++++ RECORDS FOR THE TASK ++++

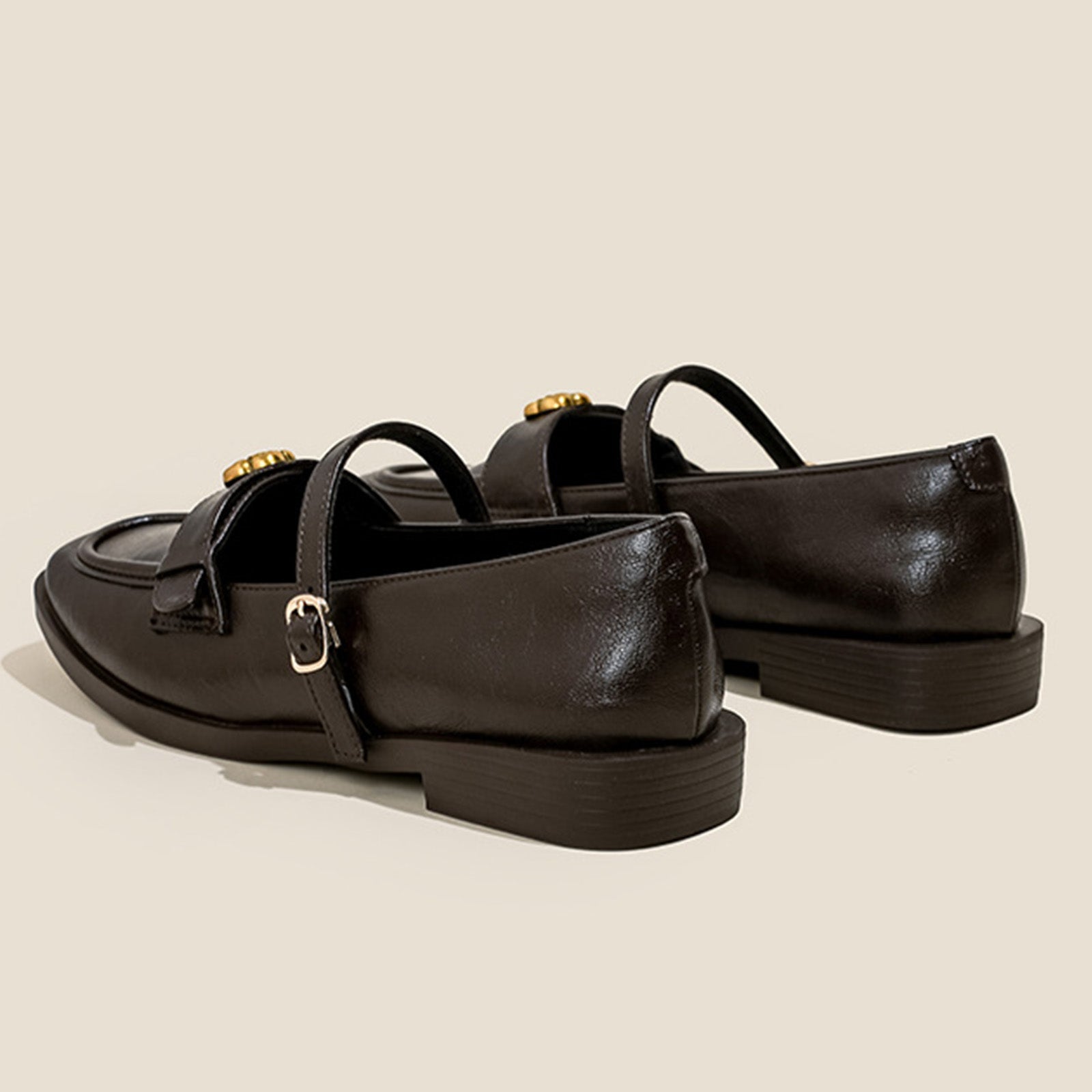 Women's Loafers with Flats with Embellished Straps & Square Toe
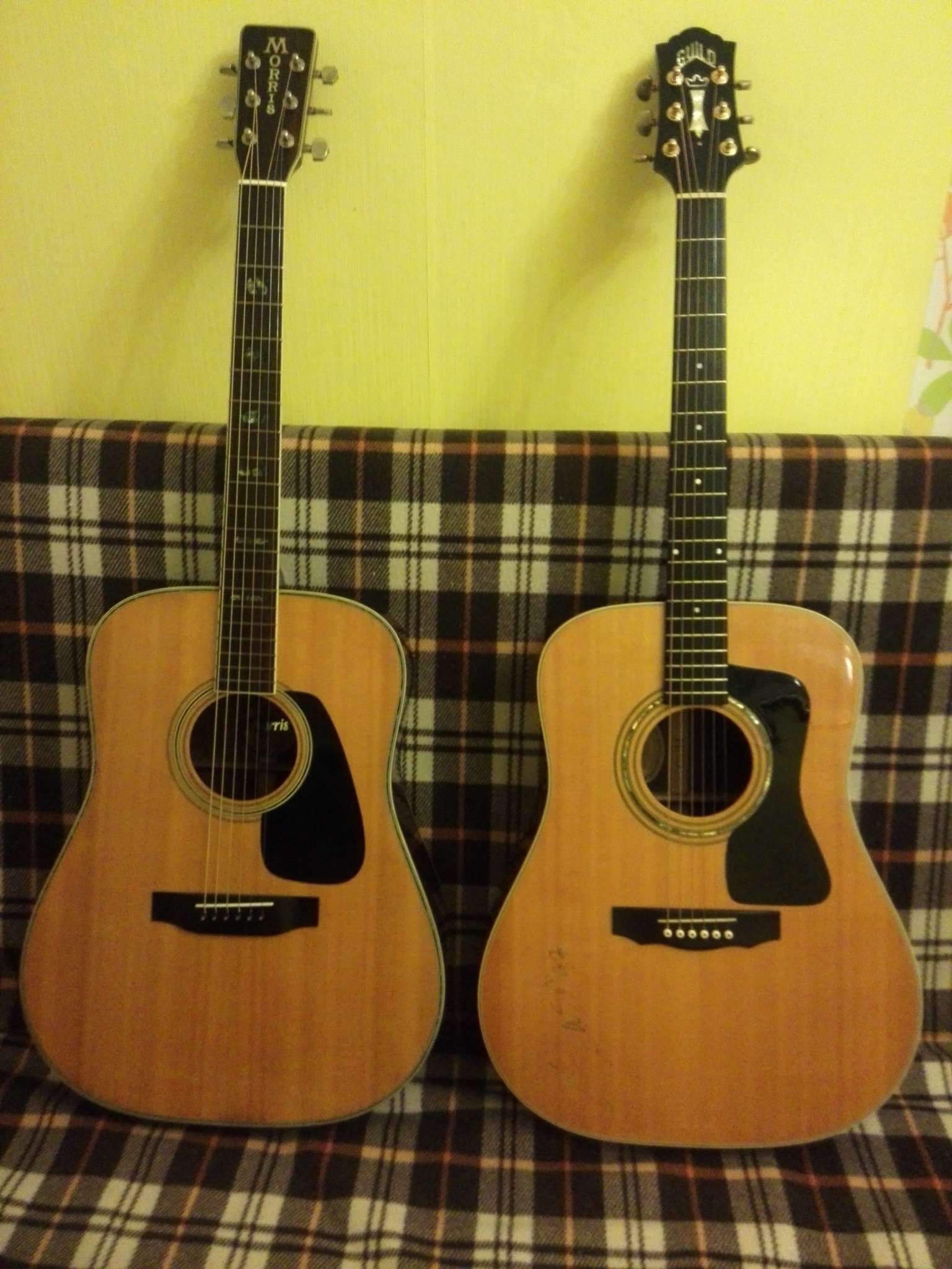 Сравнить по звуку Гилд с Моррисом пока сложно, т.к. во первых струны стоят на Моррисе тонкие 11-е и похоже бронза, на Гилде 12-е фосфорбронза... Я тонкие струны не понимаю, они не могут раскачать инструмент, использую 12-13 калибр.
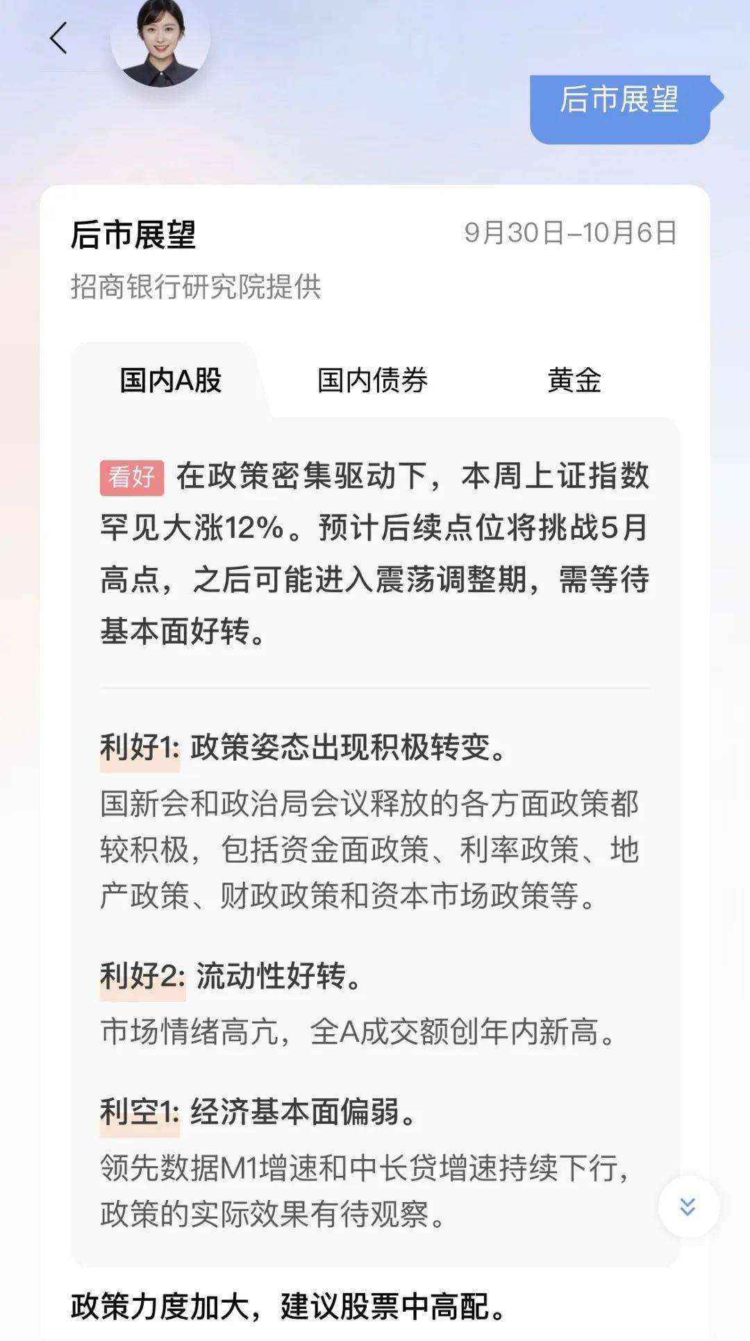 对比之下,招行AI给出的观点同时覆盖了股票、债券、黄金三个投资品种,相对完善,利好、利空的原因分析也比较切合实际,确实具备一定的参考价值。
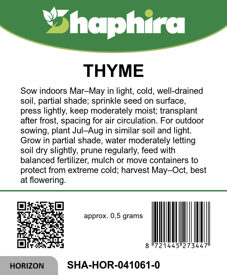 Thyme seeds from the renowned Provence variety offer a compact and flavorful addition to any kitchen garden. This Thymus vulgaris L. cultivar is prized as one of the most popular Mediterranean herbs, widely appreciated for its aromatic qualities and essential role in culinary herbs collections. The Provence thyme seeds produce a more compact herb variety, ideal for gardeners seeking perennial herbs that thrive in light, cold soil and partial shade. The best flavor develops during the flowering stage, making these aromatic plants a valuable choice for enhancing dishes with authentic Mediterranean taste.
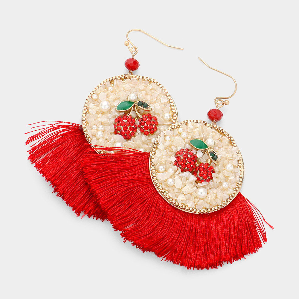 Pave Cherry Fan Tassel Drop Earrings

++++

» AIM OF THE EXERCISE: Return the data exactly. Pictures stay out.

» YOUR SOLUTION:
 Women's Loafers with Flats with Embellished Straps & Square Toe
 Сравнить по звуку Гилд с Моррисом пока сложно, т.к. во первых струны стоят на Моррисе тонкие 11-е и похоже бронза, на Гилде 12-е фосфорбронза... Я тонкие струны не понимаю, они не могут раскачать инструмент, использую 12-13 калибр.
 对比之下,招行AI给出的观点同时覆盖了股票、债券、黄金三个投资品种,相对完善,利好、利空的原因分析也比较切合实际,确实具备一定的参考价值。
 Thyme seeds from the renowned Provence variety offer a compact and flavorful addition to any kitchen garden. This Thymus vulgaris L. cultivar is prized as one of the most popular Mediterranean herbs, widely appreciated for its aromatic qualities and essential role in culinary herbs collections. The Provence thyme seeds produce a more compact herb variety, ideal for gardeners seeking perennial herbs that thrive in light, cold soil and partial shade. The best flavor develops during the flowering stage, making these aromatic plants a valuable choice for enhancing dishes with authentic Mediterranean taste.
 Pave Cherry Fan Tassel Drop Earrings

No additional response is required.